I mean, really. Just WTF?
I’m hardly an expert when it comes to ‘long’ rides, but in this year’s Dunwich Dynamo I’ll be accompanied by some genuine novices. For one of these, the practicalities of 120 miles overnight, unsupported, with just one actual lavatory (at about 65 miles, and with a queue of ~200) might just be starting to sink in. So here’s the exchange of emails on the subject . . .
From: JXXXXXXXXXXXXXX
Date: 24 June 2009 10:21:57 BST
To: Treggers McCracken <karl@XXXXXXXXXXXX>
Subject: do I need to buy some Tena lady ?
ha ha - bet that got your attention!
But seriously - is it a necessity or is there plenty of open space for me to drop trousers so to speak…
Hmmm Don’t really know what the subject of the email’s about, but the second paragraph seems to indicate some worries - best I soothe them:
From: Karl McCracken <karl@XXXXXXXXXXXX>
To: JXXXXXXXXXXXXXXXX
cc: [The rest of the team ]
Sent: Wed Jun 24 23:04:48 2009
Subject: Re: do I need to buy some Tena lady?
I’ve no idea what that is.
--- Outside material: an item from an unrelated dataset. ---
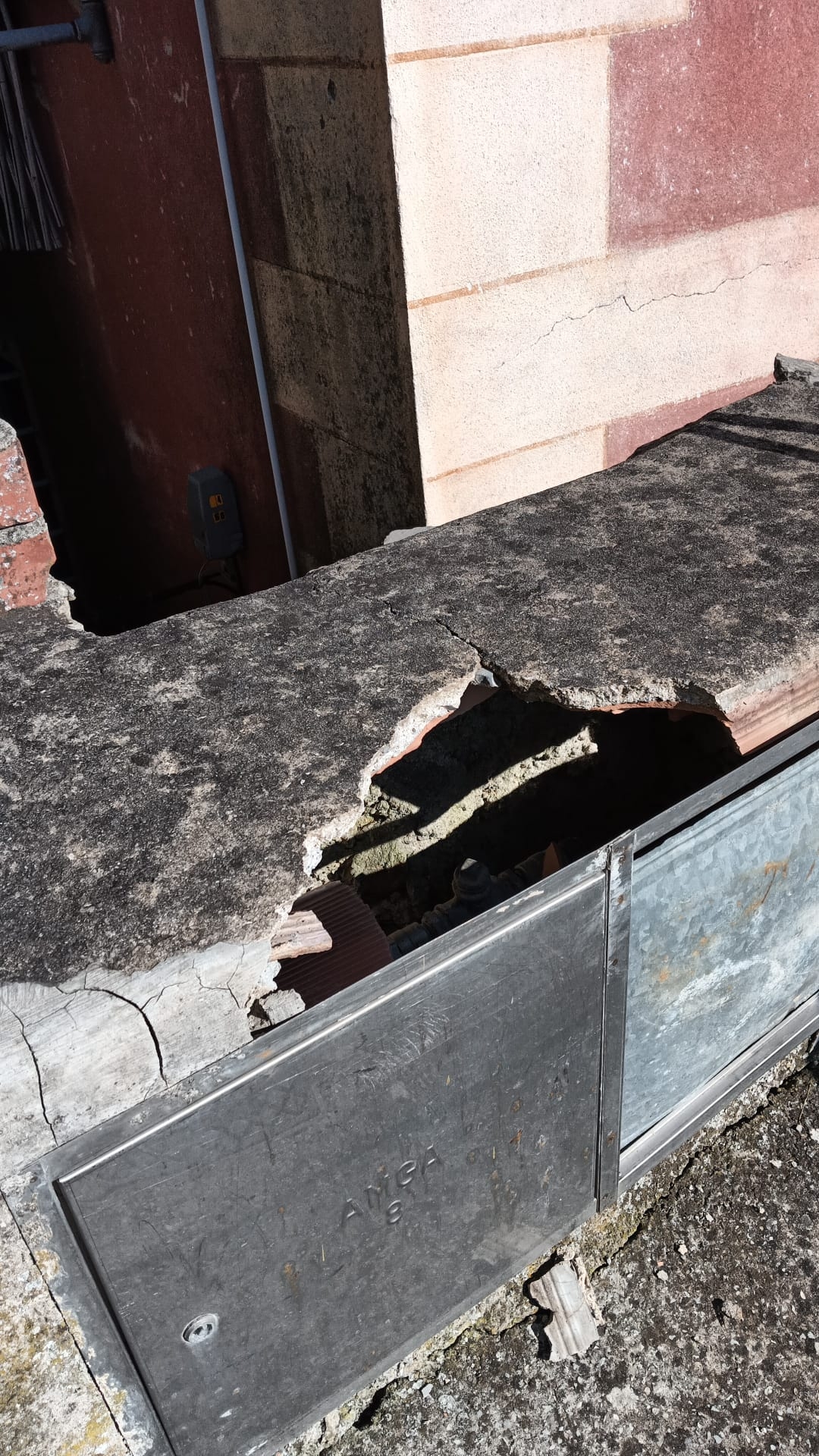Il muretto lungo la pedonale, prima del civ.5, che contiene al suo interno n.2 contatori acqua potabile, risulta spaccato e pericoloso per chi si volesse sedere.

We’ll be riding for about 10-12 hours & will drink about 4 littres of fluids each. Thankfully it’s all out in the countryside, there are lots of bushes, it’s dark, and there’s no-one else around to watch you pee. Apart from the 500 or so other cyclists. Some of whom have night vision goggles…
Which got this reply:
From: "Fat Rob" <Robert.XXXXXXXXXXXXXXX>
Date: 25 June 2009 08:14:08 BST
To: "Karl McCracken" <karl@XXXXXXXXX>, "JXXXXXXXXXXX" , "Doktor Seth, "Tall Rob" <XXXXXXXXX3@hotmail.com>, "The Physicist" <XXXXXXXX@yahoo.co.uk>
Subject: RE: do I need to buy some Tena lady?
Why do you think cycling shorts have elasticated legs……..
Hmmm. . . .
From: JXXXXXXXXXXXXXX
Date: 25 June 2009 08:35:37 BST
To: "’karl@XXXXXXXXXXXXXXX’"
Subject: Re: do I need to buy some Tena lady?
Thanks for sharing this with everyone.
But the thing is, I figured that people would be interested in these sorts of practicalities. After all, no-one wants to make like That Guy From the US Air Force, and get electrolytes on the outside of their drinks bottles! Actually, some people are probably into that sort of thing, but for the rest of us, here’s the advice:
- Riding any sort of distance, you need to drink. My experience of bonking has been due to lack of fluids rather than fuel, and now I drink ~500-1000ml of fluids per hour’s riding.
- But riding when you really need to pee is no fun. Deal with the problem, rather than just holding it all inside.
- Brooks Saddles need more than just Proofride to protect them from a pint o’piss, so get off the bike first.
- Guys - you’ll probably have trouble finding ‘the old chap’ when you grope your way up the leg of your bib shorts. Unless you really are some sort of pervert, the saddle’s pressure is likely to have had just the opposite effect of Pfeizer’s little blue pill. But don’t worry - the other guys riding past will have experienced that same shrinking feeling, and the women riding past . . .
- . . . well, if they’re wearing bib shorts, they’ve got more to worry about than the apparent lack of a punch you’re packing.
- So girls: Unless you want to get totally naked while you squat behind that bush (that we can all see round as we ride past), opt for plain shorts rather than a bib. More pressure on the tummy while you ride, but with today’s proliferation of helmet-mounted cameras, better that than #1 ranking on YouTube!